Task objective -> Unless a line falls after the one with "11月15日,《中国教育报》", retype it exactly from the records below; leave out all pictures.

The records ->
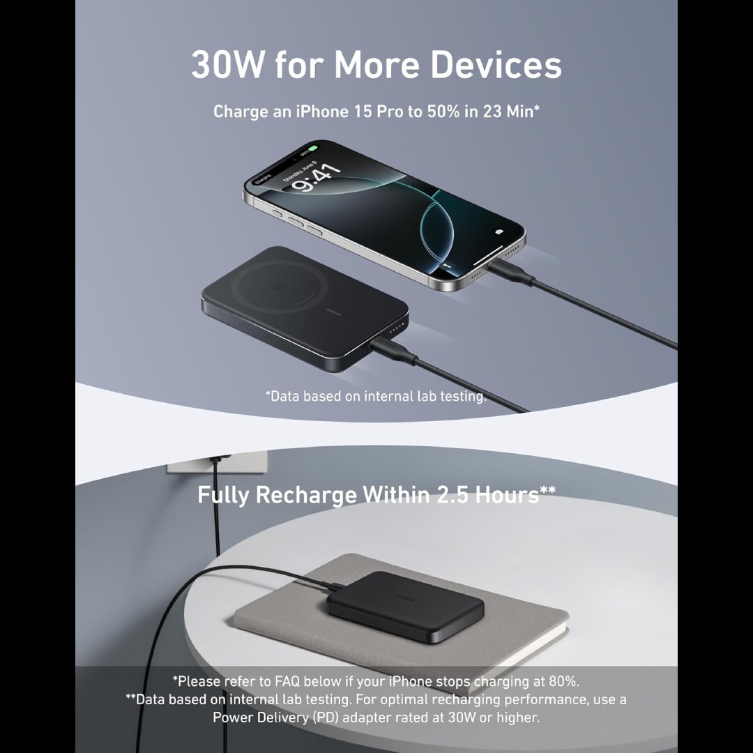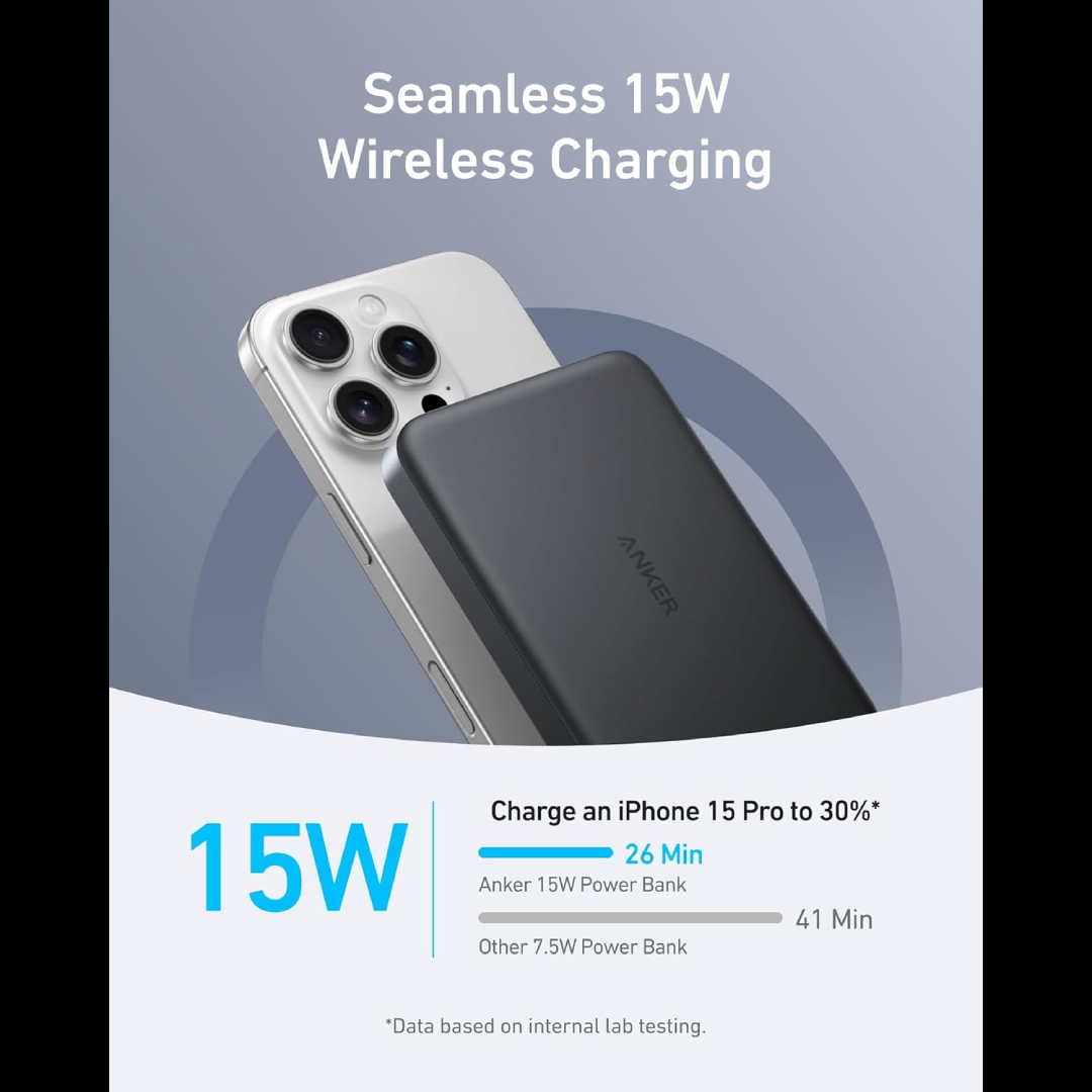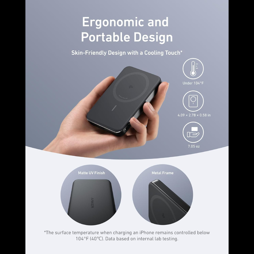 • Ultra-Slim Magnetic Design – Only 0.58 × 2.78 × 4.09 inches, delivering maximum portability with Anker’s slimmest MagGo power bank to date
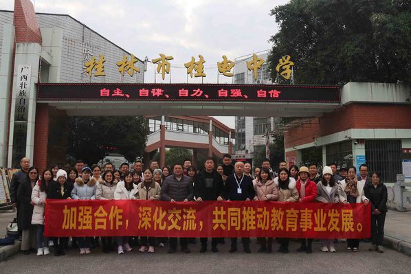 有朋自远方来,不亦乐乎。12月27日上午,南宁外国语学校领导、老师一行41人在孙传忠副校长的带领下到三亿官方官网三亿(中国)_三亿(中国)进行交流、研讨。桂林市桂电中学彭剑波校长、杨剑书记在校门口迎接,对南宁外校领导、老师的到来表示欢迎。文向东副校长、教务处赵雪卿主任陪同参观、交流。
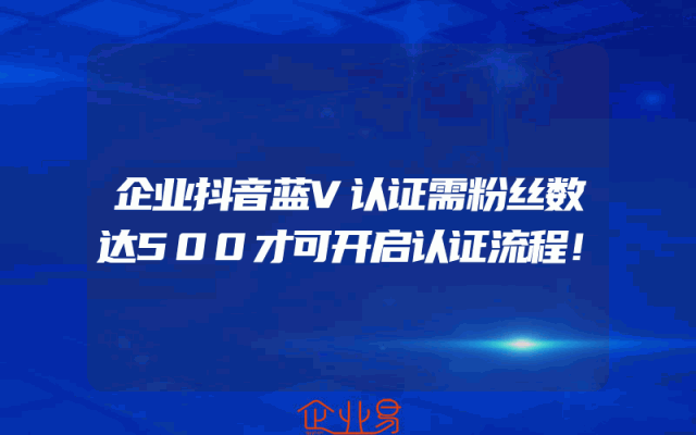- 企业抖音蓝V认证需粉丝数达500才可开启认证流程!
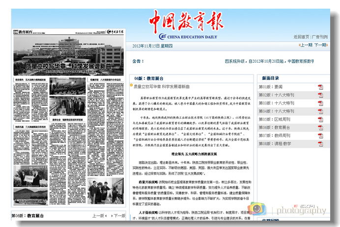 11月15日,《中国教育报》以《质量立校写华章,科学发展谱新曲》为题,采用正版图文的形式聚焦我院十年高职教育的改革发展成就。
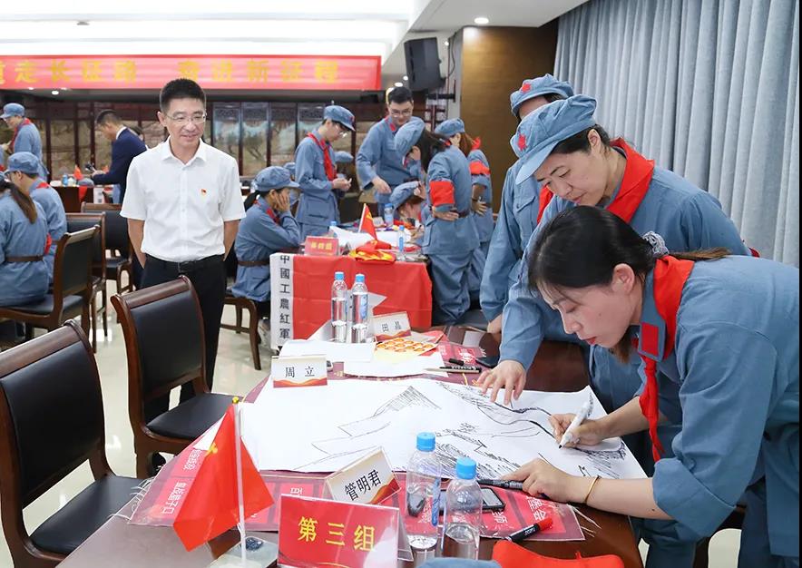 本次沙盤模擬演練活動,通過沉浸式的學(xué)習(xí)研討和考驗協(xié)作能力的趣味任務(wù),用“不一樣的講黨史”讓大家深入了解了長征的歷史背景,并能夠親身參與、切實體驗長征路上的艱難險阻,從而真正感受到革命先輩創(chuàng)業(yè)之艱難,引領(lǐng)大家把敬仰和感動轉(zhuǎn)化為奮進有為、干事創(chuàng)業(yè)的精神動力,以更加飽滿的熱情、昂揚的斗志、務(wù)實的作風(fēng),立足本職,扎實工作,奮力走好新時代的長征路。
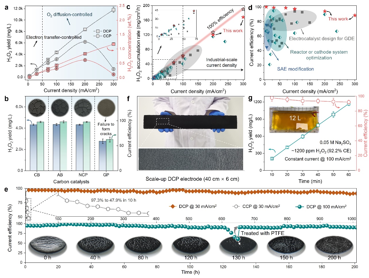 相关研究以“用于工业H2O2电合成的自曝气抗电润湿碳膜电极”(Anti-electrowetting carbon film electrode with self-sustained aeration for industrial H2O2 electrosynthesis)为题,近期发表在《能源与环境科学》(Energy & Environmental Science)期刊上。
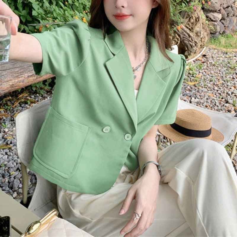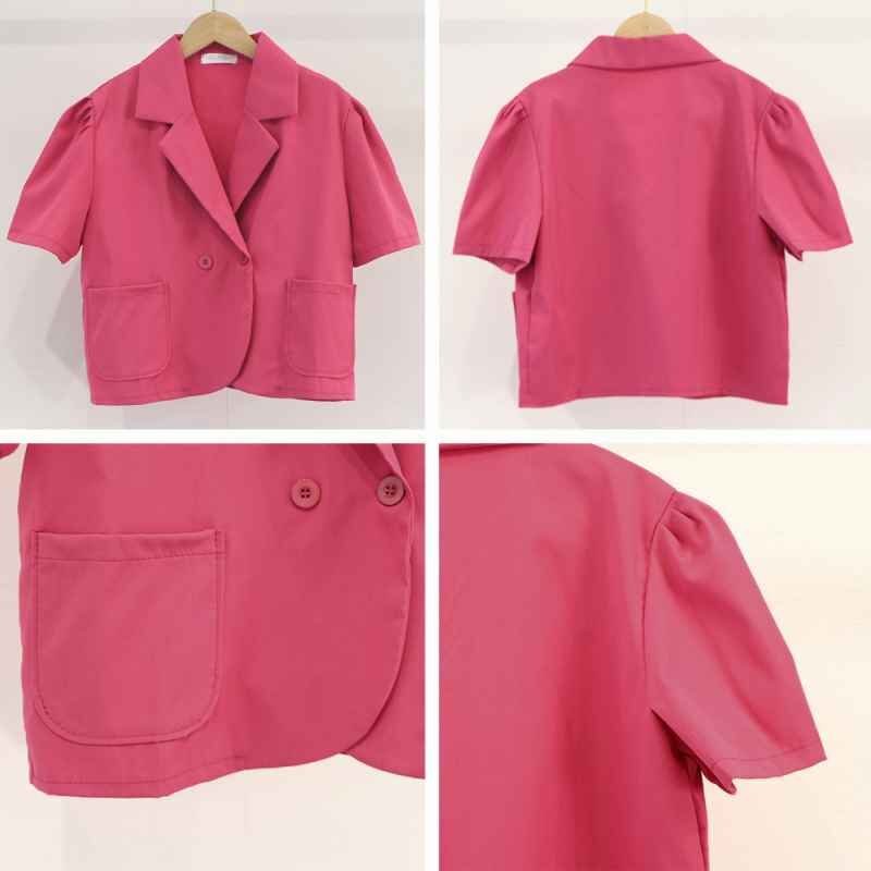 クロップド丈 半袖ジャケット ショート丈 テーラードジャケット Vネック 春夏アウター XL ホットピンク
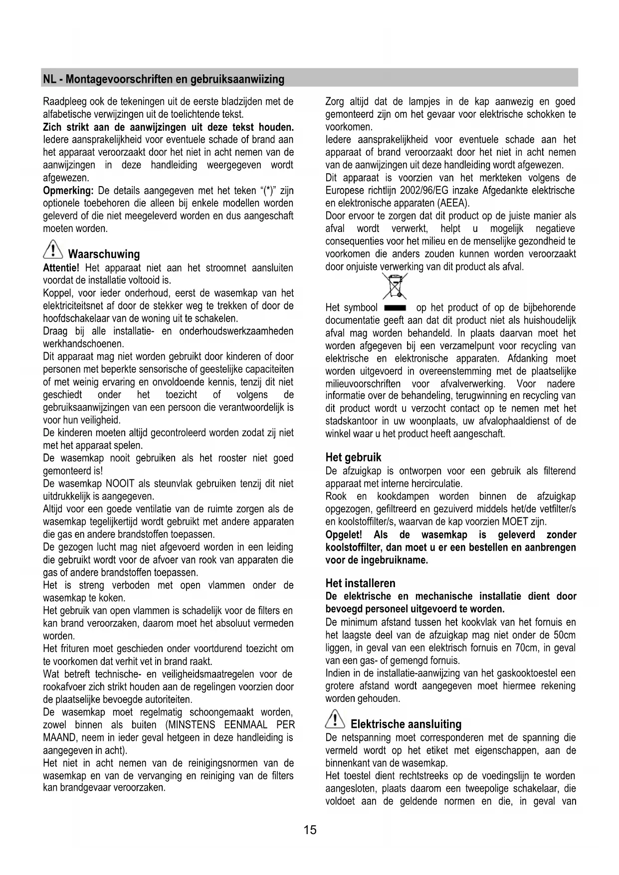 Opgelet! Als de wasemkap is geleverd zonder
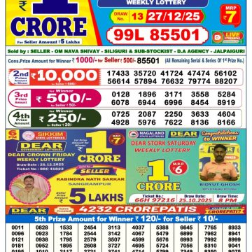 Dear Comet Tuesday Weekly Lottery 30.09.25 6pm Result September 30, 2025 Leave a Comment on Dear Comet Tuesday Weekly Lottery 30.09.25 6pm Result Get Instant Results on Whatsapp Related Articles 0 9 Dear Regal Wednesday Weekly Lottery 31.12.25 6pm Result 0 514 Dear comet Tuesday weekly lottery 18.3.25 6pm result 0 125 Dear Cupid Wednesday Weekly Lottery 01.10.25 6pm Result 0 12 Dear Elite Saturday Weekly Lottery 27.12.25 6pm Result
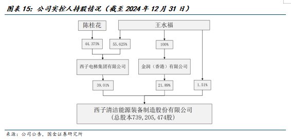 公司控股股东为西子电梯集团和金润(香港),实控人为前任董事长王水福先生。截至2024年底,公司第一大股东西子电梯集团持股39.01%,第二大股东金润(香港)持股21.89%,实控人王水福先生通过西子电梯集团持有公司39.01%的股份,通过金润(香港)有限公司持有公司 21.89%的股份,直接持有公司 1.51%股份,直接或间接持股62.41%。根据2025年9月24日公告,由于可转债转股,控股股东西子电梯集团、实控人王水福先生及其一致行动人金润(香港)合计持股比例被动稀释至55.18%。本次变动不改变控股股东和实控人地位,股权结构保持稳定。
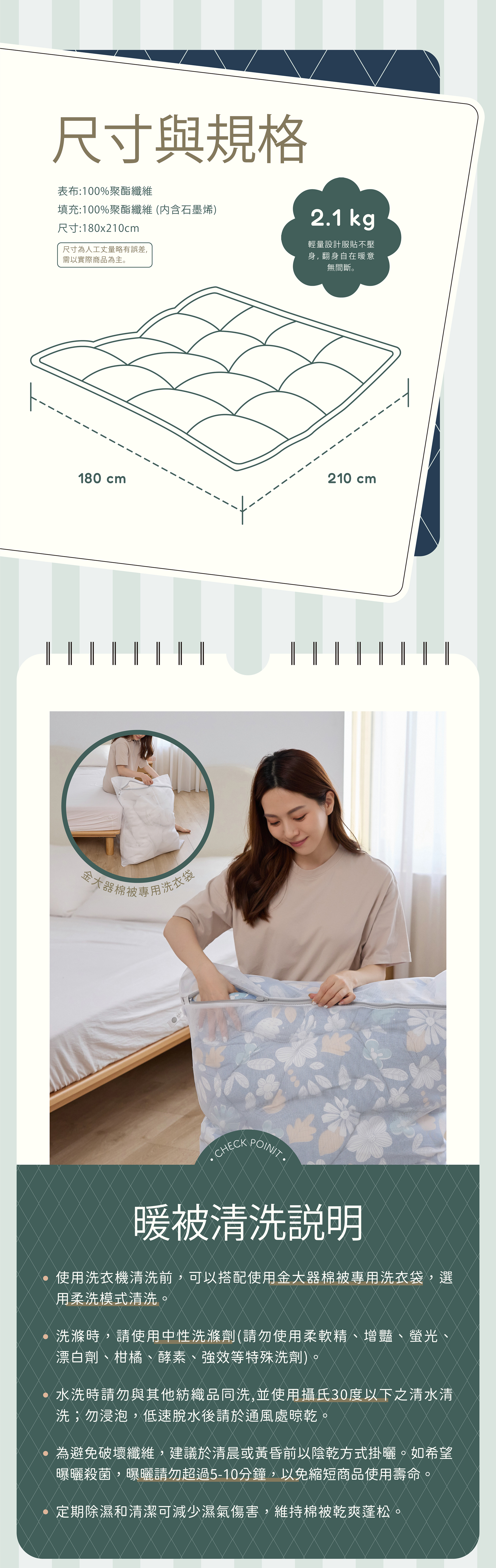 尺寸:180x210 cm(正負5%為許可誤差值,皆屬正常)

Solution below ->
 • Ultra-Slim Magnetic Design – Only 0.58 × 2.78 × 4.09 inches, delivering maximum portability with Anker’s slimmest MagGo power bank to date
 有朋自远方来,不亦乐乎。12月27日上午,南宁外国语学校领导、老师一行41人在孙传忠副校长的带领下到三亿官方官网三亿(中国)_三亿(中国)进行交流、研讨。桂林市桂电中学彭剑波校长、杨剑书记在校门口迎接,对南宁外校领导、老师的到来表示欢迎。文向东副校长、教务处赵雪卿主任陪同参观、交流。
- 企业抖音蓝V认证需粉丝数达500才可开启认证流程!
 11月15日,《中国教育报》以《质量立校写华章,科学发展谱新曲》为题,采用正版图文的形式聚焦我院十年高职教育的改革发展成就。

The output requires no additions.